22. The prime numbers from 1 to 2500 can be obtained as follows. From a list of the numbers 1 to 2500, cross out all multiples of 2 (but not 2 itself). Then, find the next number (n, say) that is not crossed out and cross out all multiples of n (but not n). Repeat this last step provided that n has not exceeded 50 (the square root of 2500). The numbers remaining in the list (except 1) are prime. Write a program which uses this method to print all primes from 1 to 2500. Store your output in a file called primes.out. This method is called the Sieve of Eratosthenes, named after the Greek mathematician, geographer and philosopher.

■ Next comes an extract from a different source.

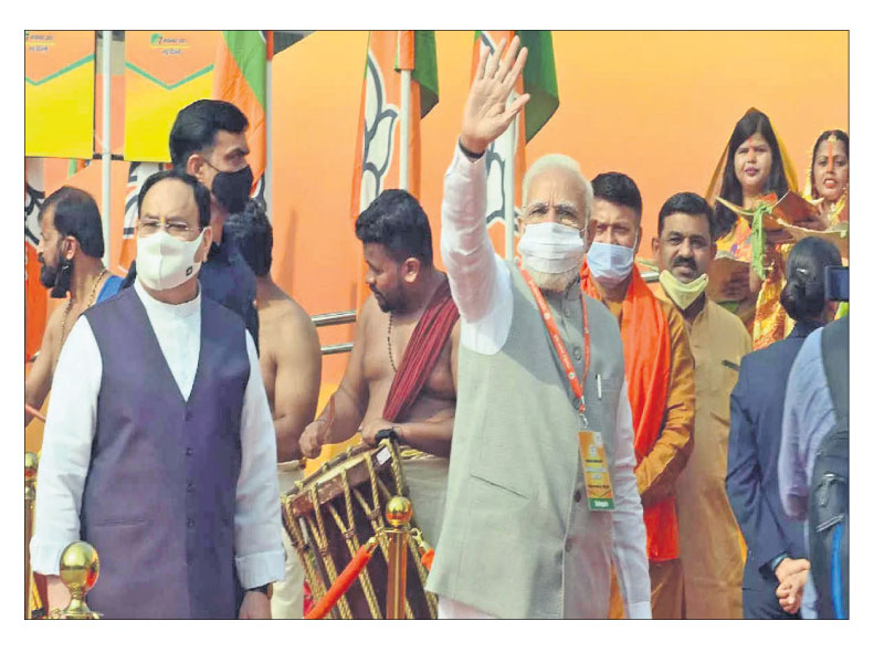 ଆସନ୍ତା ବର୍ଷ ଫେବୃୟାରୀ-ମାର୍ଚ୍ଚ ଆଡ଼କୁ ଉତ୍ତର ପ୍ରଦେଶ, ଉତ୍ତରାଖଣ୍ଡ, ପଞ୍ଜାବ, ଗୋଆ ଓ ମଣିପୁରରେ ବିଧାନସଭା ନିର୍ବାଚନ ହେବ। ଏହାକୁ ଦୃଷ୍ଟିରେ ରଖି ଭାଜପା କାର୍ଯ୍ୟକାରିଣୀ ବୈଠକ ଅନୁଷ୍ଠିତ ହୋଇଛି। ପ୍ରଧାନମନ୍ତ୍ରୀ ମୋଦି ଉକ୍ତ ବୈଠକକୁ ସମ୍ବୋଧିତ କରି କହିଛନ୍ତି, ଭାଜପା କୌଣସି ନିର୍ଦ୍ଦିଷ୍ଟ କରିବାର ଚାରିପଟେ ଘୂରି ବୁଲିବା ପରିବର୍ତ୍ତେ ‘ସେବା, ସଙ୍କଳ୍ପ ଓ ସମର୍ପଣ’ର ମୂଲ୍ୟବୋଧକୁ ନେଇ ଆଗେଇ ଚାଲିଛି। ନିକଟରେ ଅନୁଷ୍ଠିତ ତେଲଙ୍ଗାନାର ଏଲ୍ଲେନାବାଦ ଉପନିର୍ବାଚନରେ ସଫଳତା ଭାଜପାର ବିକାଶ କାର୍ଯ୍ୟସୂଚୀର ଗ୍ରହଣୀୟତାକୁ ଦର୍ଶାଉଛି। ଭାଜପା ଲୋକଙ୍କ ସେବା କରିବାର ସଂସ୍କୃତି ପ୍ରତି ସମର୍ପିତ ବୋଲି ପ୍ରଧାନମନ୍ତ୍ରୀ କହିଥିବା କେନ୍ଦ୍ରମନ୍ତ୍ରୀ ଭୂପେନ୍ଦ୍ର ଯାଦବ ଗଣମାଧ୍ୟମକୁ ସୂଚନା ଦେଇଛନ୍ତି। ଭାଜପା ରାଷ୍ଟ୍ରୀୟ ଅଧ୍ୟକ୍ଷ ଜେ.ପି. ନଡ୍ଡା କହିଥିଲେ, ଦଳକୁ ଆହୁରି ସଙ୍ଗଠିତ କରିବାକୁ ପଡ଼ିବ। ଭାଜପା ପାଇଁ ଭଲ ସମୟ ଆସିବା ବାକି ଅଛି। ସେହିପରି ଆଗାମୀ ନିର୍ବାଚନରେ ଦଳର ବିଜୟକୁ ସୁନିଶ୍ଚିତ କରାଯିବ ବୋଲି ଅର୍ଥମନ୍ତ୍ରୀ ନିର୍ମଳା ସୀତାରାମନ ସ୍ପଷ୍ଟ କରିଥିଲେ। ବୈଠକରେ ନିର୍ବାଚନ ହେବାକୁ ଥିବା ରାଜ୍ୟଗୁଡ଼ିକ ମଧ୍ୟରୁ ୟୁପି, ଉତ୍ତରାଖଣ୍ଡ, ଗୋଆ ଓ ମଣିପୁରର ମୁଖ୍ୟମନ୍ତ୍ରୀ ତଥା ଭାଜପା ସଭାପତିମାନେ ଦଳୀୟ ରଣନୀତିକୁ ନେଇ ରିପୋର୍ଟ ଉପସ୍ଥାପନ କରିଥିଲେ। ପଞ୍ଜାବ ୟୁନିଟ୍ ସଭାପତି ମଧ୍ୟ ଅନୁରୂପ ଉପସ୍ଥାପନା ରଖିଥିଲେ। ଭାଜପା ନେତାମାନେ ୫ ରାଜ୍ୟ ବିଧାନସଭା ନିର୍ବାଚନକୁ ଦୃଷ୍ଟିରେ ରଖି ୟୁପି ମୁଖ୍ୟମନ୍ତ୍ରୀ ଯୋଗୀ ଆଦିତ୍ୟନାଥ କାର୍ଯ୍ୟକାରିଣୀ ବୈଠକରେ ଏକ ରାଜନୈତିକ ସଂକଳ୍ପନାମା ଉପସ୍ଥାପନ ପାଇଁ ପରାମର୍ଶ ଦେଇଥିଲେ। ଯୋଗୀଙ୍କ ପ୍ରସ୍ତାବକୁ ଉତ୍ତରାଖଣ୍ଡ ମୁଖ୍ୟମନ୍ତ୍ରୀ ପୁଷ୍କର ସିଂ ଧାମି, ଗୋଆ ମୁଖ୍ୟମନ୍ତ୍ରୀ ପ୍ରମୋଦ ସାଓ୍ବନ୍ତ ଓ ମଣିପୁର ମୁଖ୍ୟମନ୍ତ୍ରୀ ଏନ୍.ବୀରେନ୍ ସିଂ ସମର୍ଥନ କରିଥିଲେ। ଉକ୍ତ ସଂକଳ୍ପନାମାରେ କୋଭିଡ୍-୧୯ ମୁକାବିଲା, ଟିକାକରଣ, ଜଳବାୟୁ ପରିବର୍ତ୍ତନ’ଆଦି ପ୍ରସଙ୍ଗରେ ପ୍ରଧାନମନ୍ତ୍ରୀଙ୍କ ନେତୃତ୍ୱ ପ୍ରତି ଆସ୍ଥା ପ୍ରକଟ ସହ ବିରୋଧୀ ଦଳଗୁଡ଼ିକ ସୁବିଧାବାଦ ରାଜନୀତି କରୁଥିବା ନେଇ ନିନ୍ଦା କରାଯାଇଛି।
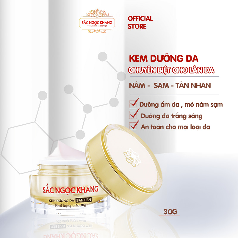 Kem trị nám Sắc Ngọc Khang có thành phần dưỡng chất được chiết xuất từ thiên nhiên như chiết xuất hoa anh đào, chiết xuất hoa súng, Axit Lipoamino (Undecylenoyl Phenylalanine), dầu Macadamia, dầu dừa phân đoạn, vitamin C và một số thành phần khác như dưỡng ẩm, nước khoáng,...

23. There are 500 light bulbs (numbered 1 to 500) arranged in a row. Initially, they are all OFF. Starting with bulb 2, all even numbered bulbs are turned ON. Next, starting with bulb 3, and visiting every third bulb, it is turned ON if it is OFF, and it is turned OFF if it is ON. This procedure is repeated for every fourth bulb, then every fifth bulb, and so on up to the 500th bulb. Write a program to determine which bulbs are OFF at the end of the above exercise.

24. There is something special about the bulbs that are OFF. What is it? Can you explain why it is so?